They include immigrants living in the US for five years who have children staying legally in the US.
He's bypassing the legislature and brandishing his big stick - the executive order. It is governance by diktat. And the reaction of his opponents suggests it will spark an atmosphere of retaliation and revenge.
"By ignoring the will of the American people, President Obama has cemented his legacy of lawlessness and squandered what little credibility he had left," said House Speaker John Boehner, R-Ohio. "Republicans are left with the serious responsibility of upholding our oath of office. We will not shrink from this duty, because our allegiance lies with the American people. We will listen to them, work with our members and protect the Constitution."

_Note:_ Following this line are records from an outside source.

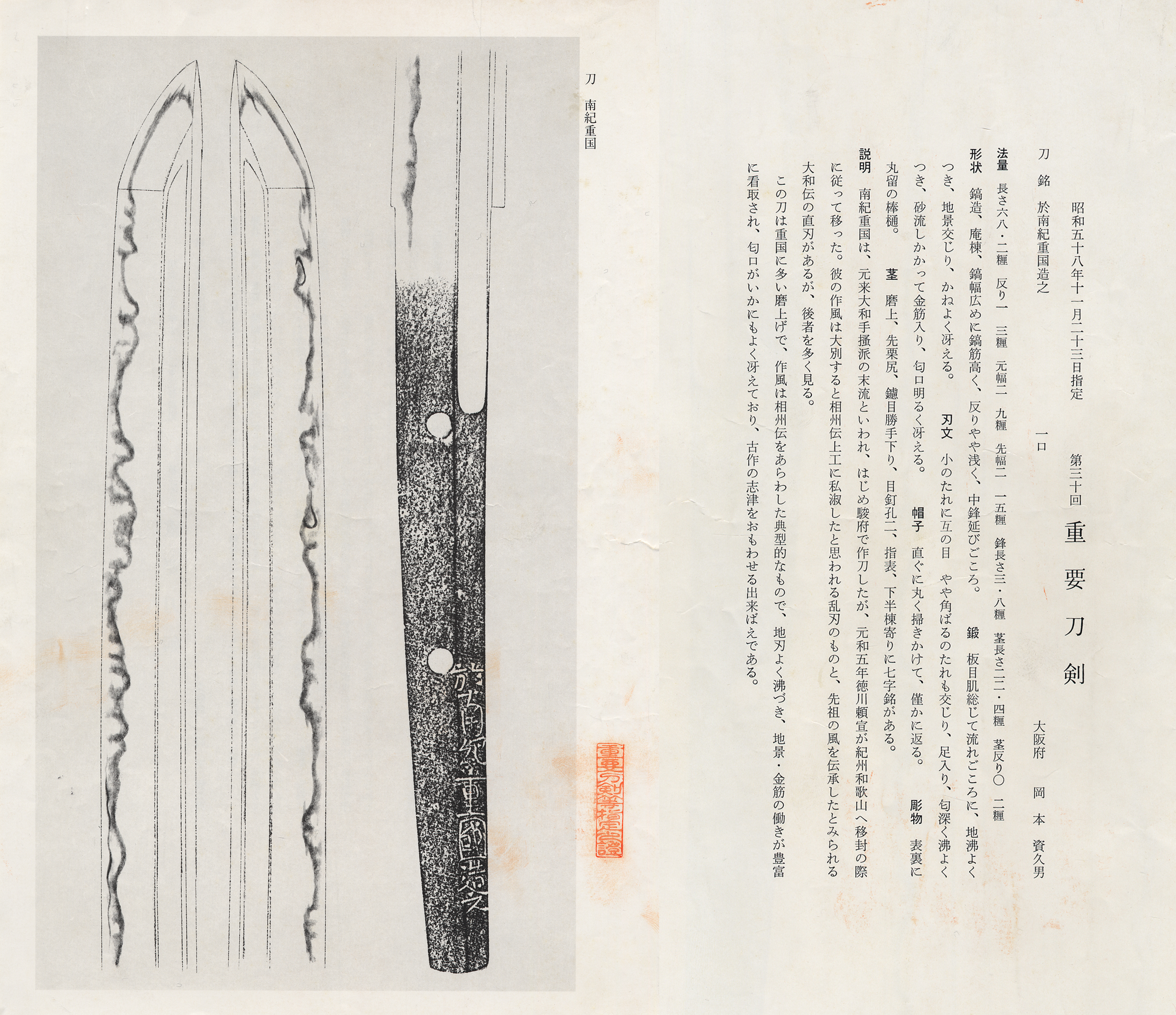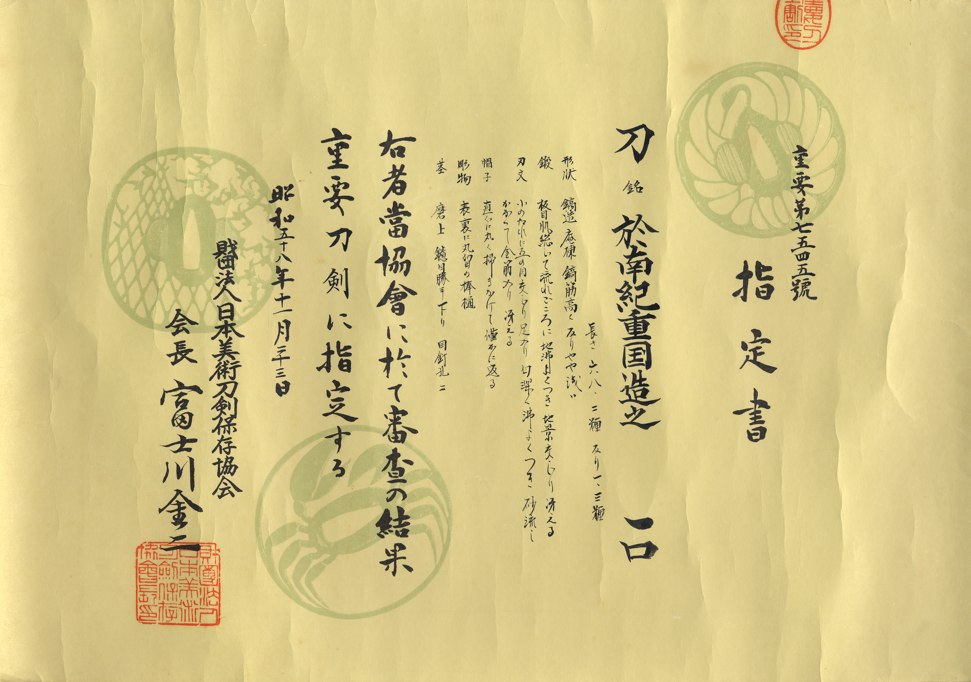 Shinto:Saijyo saki (highest) sword ranking:Ryowaza mono (very good cut well sword ranking)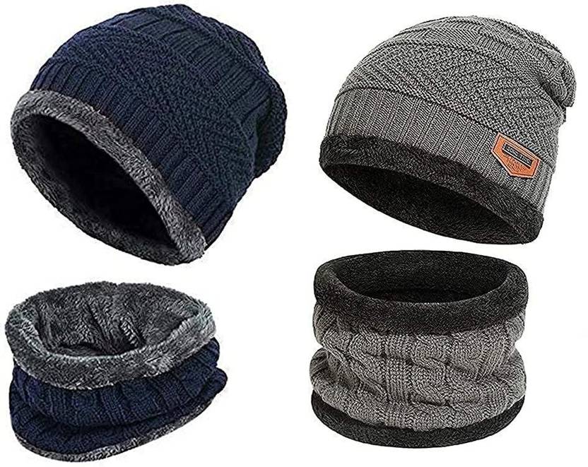 TruFlair Self Design Beanie Cap (Pack of 4)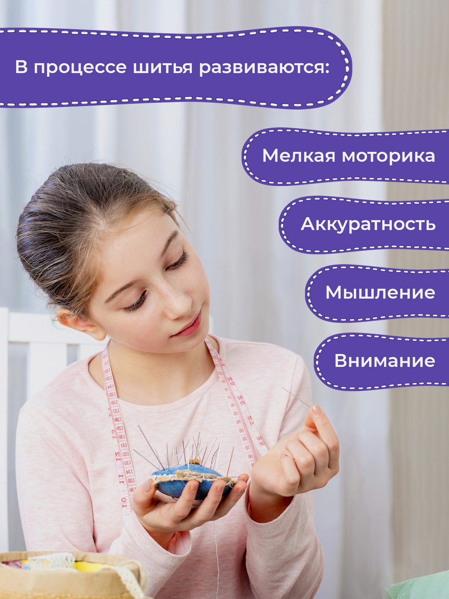 Творчество способствует развитию воображения, учит внимательности и усидчивости. В процессе шитья развивается внимание, мышление, аккуратность и мелкая моторика.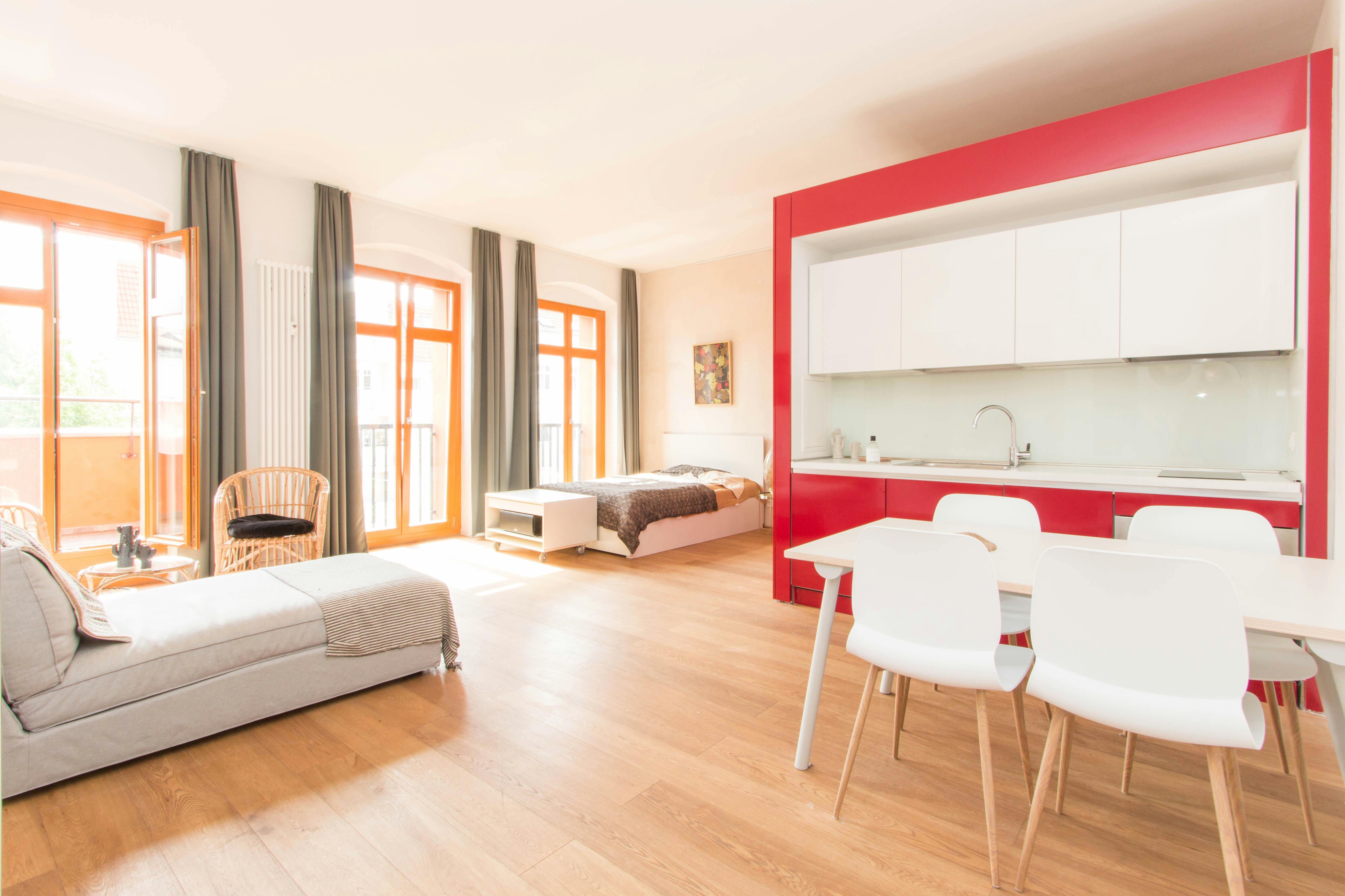 Move into a fully furnished studio inside a renovated 1900s building in vibrant Friedrichshain. All-inclusive rent, smart tech, shared lounges and a leafy courtyard garden — just bring your suitcase. ? What’s inside your studio • Custom design furnishings & smart lighting • Fully equipped kitchen (oven, dishwasher, cookware) • High-speed Wi-Fi, Smart TV, Bluetooth speaker • Queen bed with linen & ample storage • Private bathroom with walk-in shower • Keyless RFID entry & in-unit ambient sound ? Community extras • Shared kitchen-lounge for events & coworking • Courtyard garden + rooftop BBQ (weather-dependent) • Secure bike storage & on-site laundry • Friendly caretaker support, 5 days a week ? Lifestyle A true home base for remote workers, creatives and independent minds —...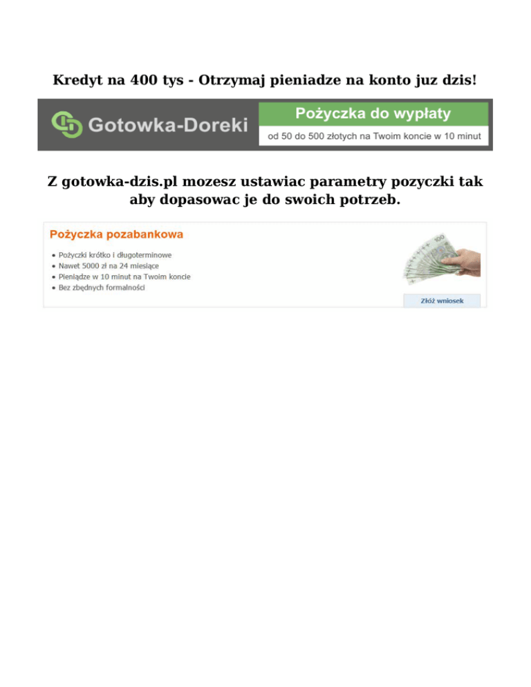 Kredyt na 400 tys - Otrzymaj pieniadze na konto juz dzis! Z gotowka-dzis.pl mozesz ustawiac parametry pozyczki tak aby dopasowac je do swoich potrzeb. Kredyt na 400 tys, fundusz mikro pozyczka, karta kredytowa pko bp oplata roczna, getin kredyty gotowkowe, warunki uzyskania kredytu gotowkowego W naszej ofercie znajdziecie Państwo dom, mieszkanie, biuro. użytkowej mamy kredyt na 400 tys już działkę wartą ok. W przypadku auta o wartości 180 tys. przez Michał Szafrański dodano 25 listopada 2013 · 134 komentarzy. Złóż wniosek online i korzystaj z pożyczki bez wychodzenia z domu Pekao SA Kredyt Gotówkowy (Pożyczka Ekspresowa) Wysokość kredytu: do 100. . użytkowej mamy już działkę wartą ok. przez Michał Szafrański dodano 25 listopada 2013 · 134 komentarzy. Zapytaj o kredyt hipoteczny! Oddam Akwarium 400 L najnowsze ogłoszenia kupię sprzedam ogłoszenie Oddam Akwarium 400 L oferty 100 tys. zł - inspekcja pracownika banku (400 zł lub 700 zł) dla kredytów powyżej 250 tys. 450 zł, spłata przez 6 miesięcy. Oferujemy usługę pośrednictwa w zakupie, sprzedaży i wynajmie nieruchomości. Pekao SA Kredyt Gotówkowy (Pożyczka Ekspresowa) Wysokość kredytu: do 100. forma wyceny dla kredytów do 250 tys. Drogi samochód zdecydowanie bardziej opłaca się wziąć w leasing, niż kupić go na kredyt – wskazują szacunki Tax Care. Firmy budowlane z polecenia, materiały budowlane, budowa domu, usługi budowlane, składy,montaż,instalacje,glazura,terakota Kredyt na 400 tys, bocian pozyczki biala podlaska, kredyt dla ucznia szkoly sredniej, ile kosztuje kredyt odnawialny w pko bp, kredyty konsolidacyjne na 10 lat banki Kredyt na 400 tys Tarnobrzeg Kredyty dla zadluzonych z komornikiem Skarszewy Pozyczka dla bezrobotnych bez bik Zamosc Pozyczka bez bik i krd torun Andrychow Kredyt przez internet bez wychodzenia z domu Staporkow Getin noble bank kontakt Kietrz Kredyty chwilowki tarnowskie gory Koluszki Pozyczka dla bezrobotnych na dowod Bielawa Pozyczka optima Belchatow Pozyczka na sms Nowa Ruda Najlepsze kredyty hipoteczne Klodawa Oblicz kredyt mieszkaniowy Strumien Kredyt dla singli Grabow Nad Prosna Chwilowka sms365 Bedzin Getin noble bank online logowanie Grajewo Kalkulator kredytowy w frankach Bialystok Kredyt dla pracujacych za granica Czarna Bialostocka Dobry kredyt sieradz Miedzyzdroje Ubezpieczenie kredytu Kredyt chwilowka warszawa
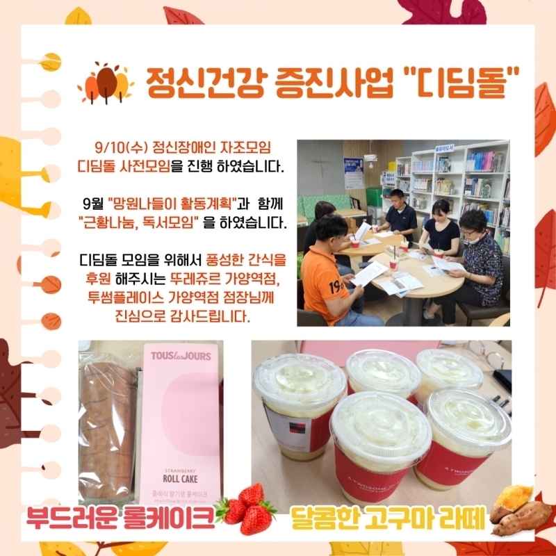 µðµõµ¹ ÀÚÁ¶¸ðÀÓÀº Á¤½ÅÀå¾ÖÀÎ ´ç»çÀÚµéÀÌ ¼­·ÎÀÇ »îÀ» ³ª´©°í ÁöÁöÇÏ¸ç ¼ºÀåÇÏ´Â ¸ðÀÓÀÔ´Ï´Ù. ¾à¹° º¹¿ë°ú ÀÏ»ó°ü¸®¿¡ ´ëÇÑ °æÇèÀ» °øÀ¯Çϰí, ´Ù¾çÇÑ Ã¼Çè°ú ¿©°¡È°µ¿À» ÇÔ²²Çϸç Áö¿ª»çȸ ¼Ó °Ç°­ÇÑ °ü°è¸¦ À̾´Ï´Ù. µðµõµ¹ ¸ðÀÓÀÌ µû¶æÇÏ°Ô À̾îÁú ¼ö ÀÖµµ·Ï ÇÔ²²ÇØÁּż­ °¨»çÇÕ´Ï´Ù.

Barack Obama says he has grown so weary of trying to get Congress to engage seriously that he is going it alone.
The Democrat-led Senate passed the bill, but the Republican-controlled House of Representatives refused to debate the proposal. And, on Thursday, Obama said those who questioned his authority to use executive orders should simply pass the bill.
While campaigners for migrants' rights broadly welcomed Obama's plans, some activists are worried that the promise of a three-year work visa - those given to IT professionals and engineers - would not be enough for many people to come out into the open.
Major policy initiatives usually require an Act of Congress and cannot be introduced through executive orders. President Obama had issued 193 orders in almost six years, much lower compared to many of his recent predecessors.
Franklin D Roosevelt, the most prolific president of all, had issued 3,522 executive orders in eight years.